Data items
[Start of section]

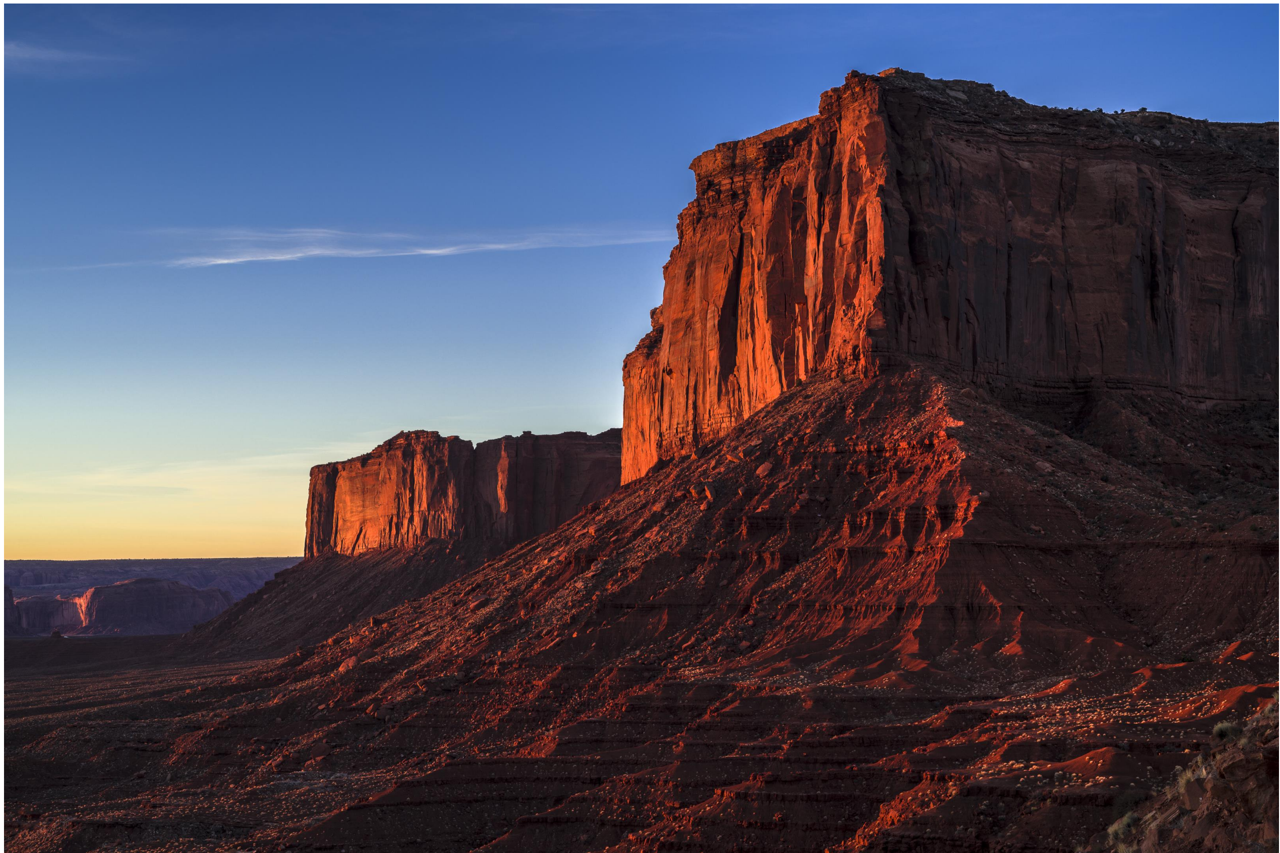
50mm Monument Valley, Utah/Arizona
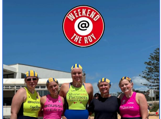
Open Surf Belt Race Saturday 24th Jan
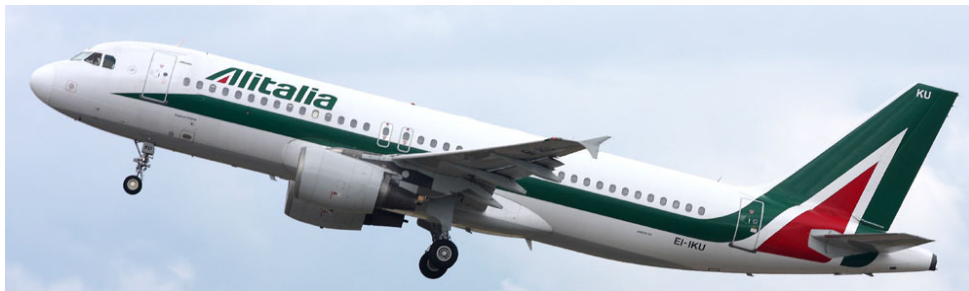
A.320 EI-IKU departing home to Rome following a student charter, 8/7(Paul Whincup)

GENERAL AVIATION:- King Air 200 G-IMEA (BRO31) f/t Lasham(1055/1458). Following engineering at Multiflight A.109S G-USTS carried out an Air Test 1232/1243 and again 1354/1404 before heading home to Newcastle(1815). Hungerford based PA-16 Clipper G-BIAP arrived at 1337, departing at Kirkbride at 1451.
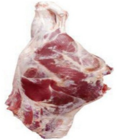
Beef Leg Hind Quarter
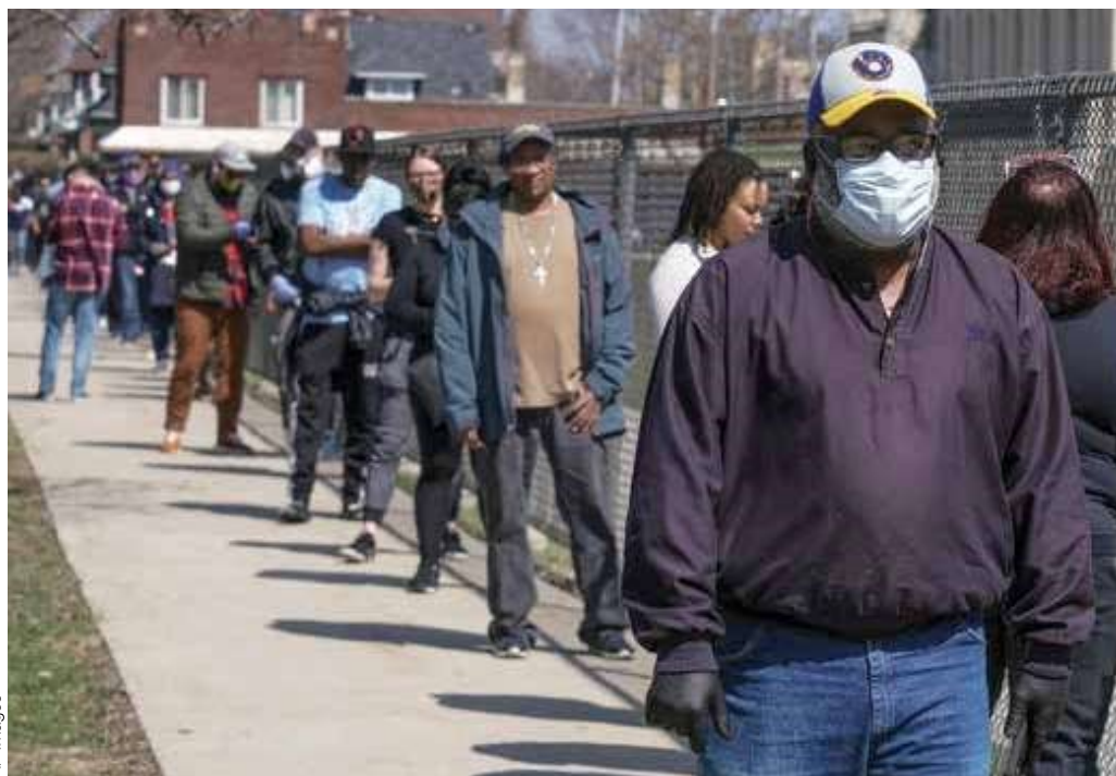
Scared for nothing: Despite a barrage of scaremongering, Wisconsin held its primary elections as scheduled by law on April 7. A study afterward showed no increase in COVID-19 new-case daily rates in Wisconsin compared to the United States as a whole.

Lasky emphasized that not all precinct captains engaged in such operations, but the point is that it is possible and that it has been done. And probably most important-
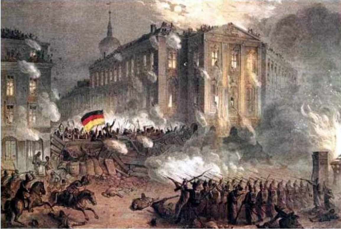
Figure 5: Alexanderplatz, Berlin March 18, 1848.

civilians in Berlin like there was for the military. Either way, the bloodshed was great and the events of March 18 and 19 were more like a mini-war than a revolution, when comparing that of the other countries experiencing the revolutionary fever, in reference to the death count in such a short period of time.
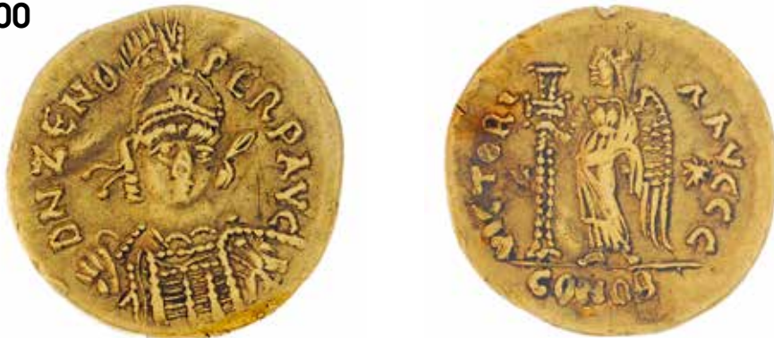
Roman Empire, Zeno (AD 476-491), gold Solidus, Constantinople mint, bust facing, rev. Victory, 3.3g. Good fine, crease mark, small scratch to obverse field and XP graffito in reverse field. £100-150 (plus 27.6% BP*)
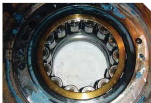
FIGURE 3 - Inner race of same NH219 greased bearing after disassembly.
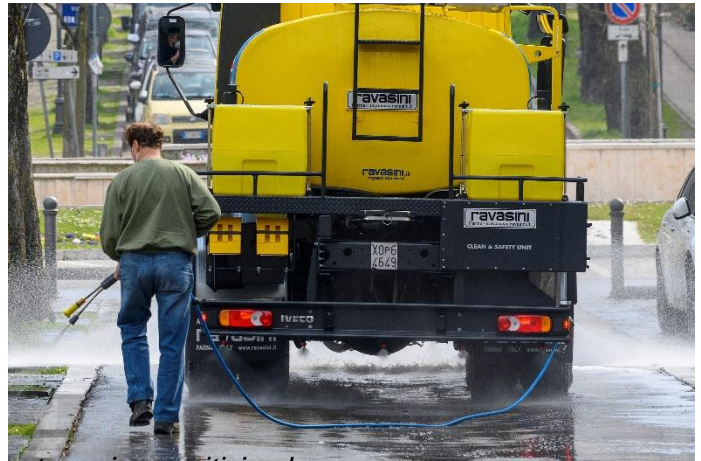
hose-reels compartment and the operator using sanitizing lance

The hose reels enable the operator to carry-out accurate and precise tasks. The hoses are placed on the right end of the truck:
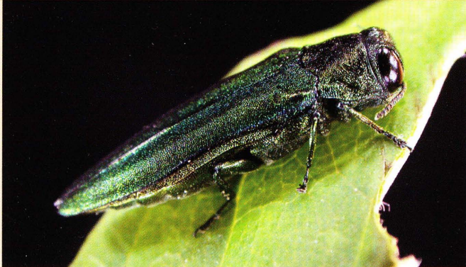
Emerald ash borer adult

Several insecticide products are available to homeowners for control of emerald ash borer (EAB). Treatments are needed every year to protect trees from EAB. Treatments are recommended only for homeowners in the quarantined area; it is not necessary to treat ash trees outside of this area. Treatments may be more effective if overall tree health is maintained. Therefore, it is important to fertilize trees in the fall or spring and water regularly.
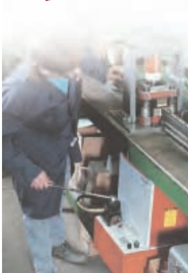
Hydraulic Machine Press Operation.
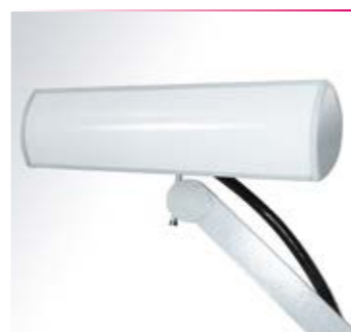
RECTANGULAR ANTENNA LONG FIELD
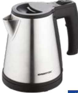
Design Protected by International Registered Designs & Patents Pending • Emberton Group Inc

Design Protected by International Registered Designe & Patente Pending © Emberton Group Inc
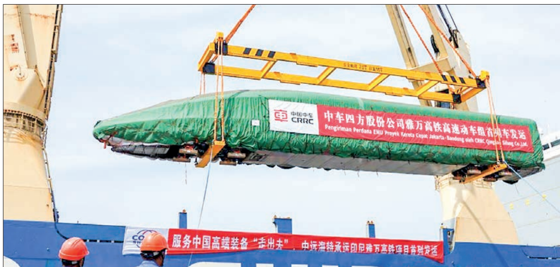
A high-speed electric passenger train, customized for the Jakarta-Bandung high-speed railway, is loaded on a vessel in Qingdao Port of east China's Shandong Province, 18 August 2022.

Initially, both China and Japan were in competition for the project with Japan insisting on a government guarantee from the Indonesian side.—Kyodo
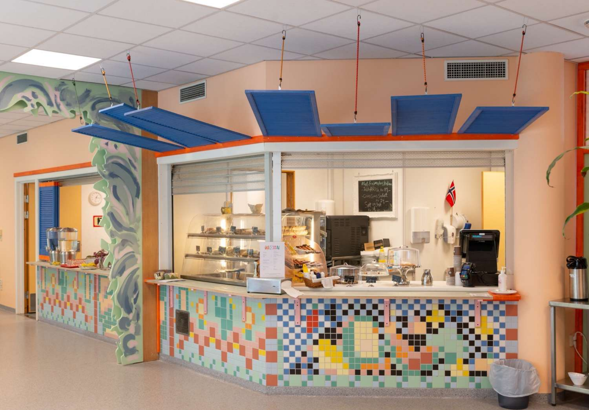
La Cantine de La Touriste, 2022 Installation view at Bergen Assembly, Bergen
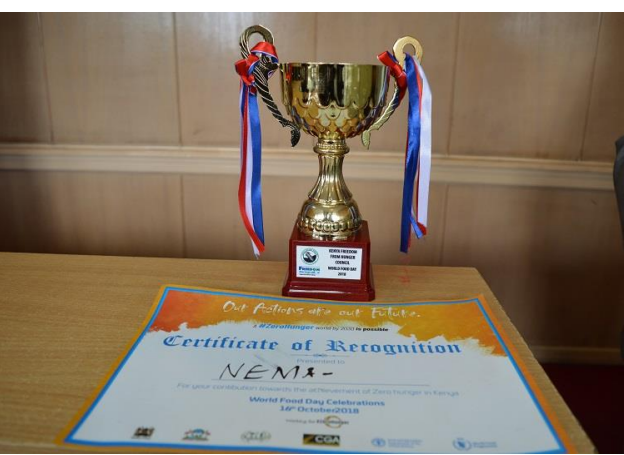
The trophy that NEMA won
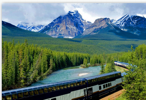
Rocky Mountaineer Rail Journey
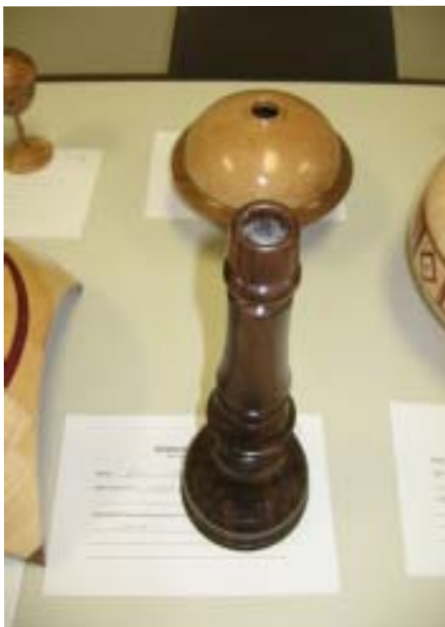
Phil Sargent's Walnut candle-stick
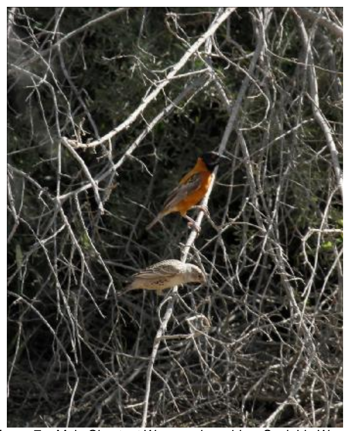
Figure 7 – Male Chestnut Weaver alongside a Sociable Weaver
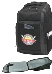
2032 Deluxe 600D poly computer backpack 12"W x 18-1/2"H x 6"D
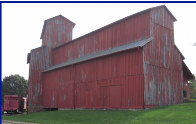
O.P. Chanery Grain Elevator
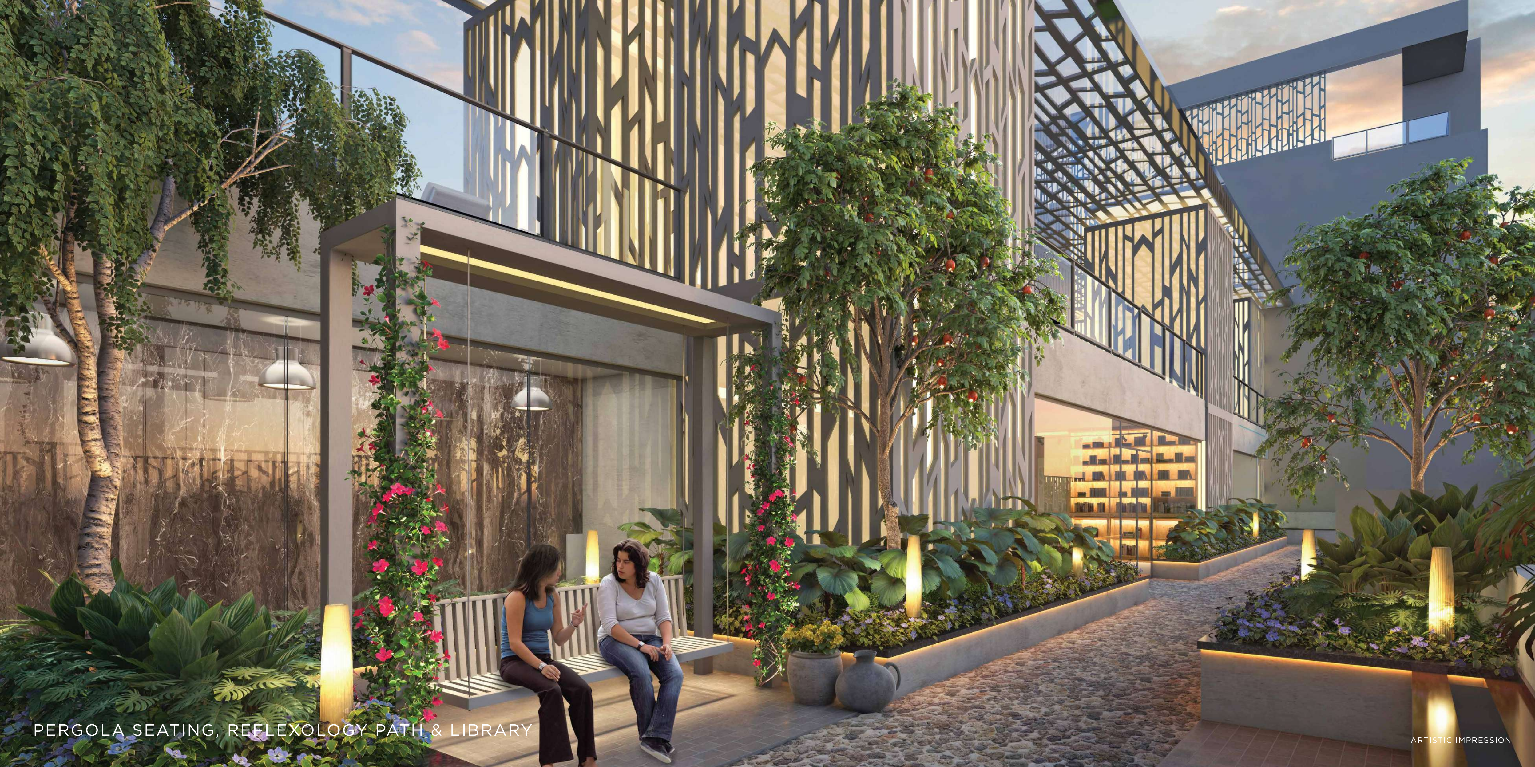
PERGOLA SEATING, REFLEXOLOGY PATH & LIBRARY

[End of section]

*ASSIGNMENT*
From the line containing "Emerald ash borer adult" to the final line of the entries, both included, transcribe every line exactly, omit the pictures, and add nothing more.

*RESPONSE BOX*
Emerald ash borer adult

Several insecticide products are available to homeowners for control of emerald ash borer (EAB). Treatments are needed every year to protect trees from EAB. Treatments are recommended only for homeowners in the quarantined area; it is not necessary to treat ash trees outside of this area. Treatments may be more effective if overall tree health is maintained. Therefore, it is important to fertilize trees in the fall or spring and water regularly.
Hydraulic Machine Press Operation.
RECTANGULAR ANTENNA LONG FIELD
Design Protected by International Registered Designs & Patents Pending • Emberton Group Inc

Design Protected by International Registered Designe & Patente Pending © Emberton Group Inc
A high-speed electric passenger train, customized for the Jakarta-Bandung high-speed railway, is loaded on a vessel in Qingdao Port of east China's Shandong Province, 18 August 2022.

Initially, both China and Japan were in competition for the project with Japan insisting on a government guarantee from the Indonesian side.—Kyodo
La Cantine de La Touriste, 2022 Installation view at Bergen Assembly, Bergen
The trophy that NEMA won
Rocky Mountaineer Rail Journey
Phil Sargent's Walnut candle-stick
Figure 7 – Male Chestnut Weaver alongside a Sociable Weaver
2032 Deluxe 600D poly computer backpack 12"W x 18-1/2"H x 6"D
O.P. Chanery Grain Elevator
PERGOLA SEATING, REFLEXOLOGY PATH & LIBRARY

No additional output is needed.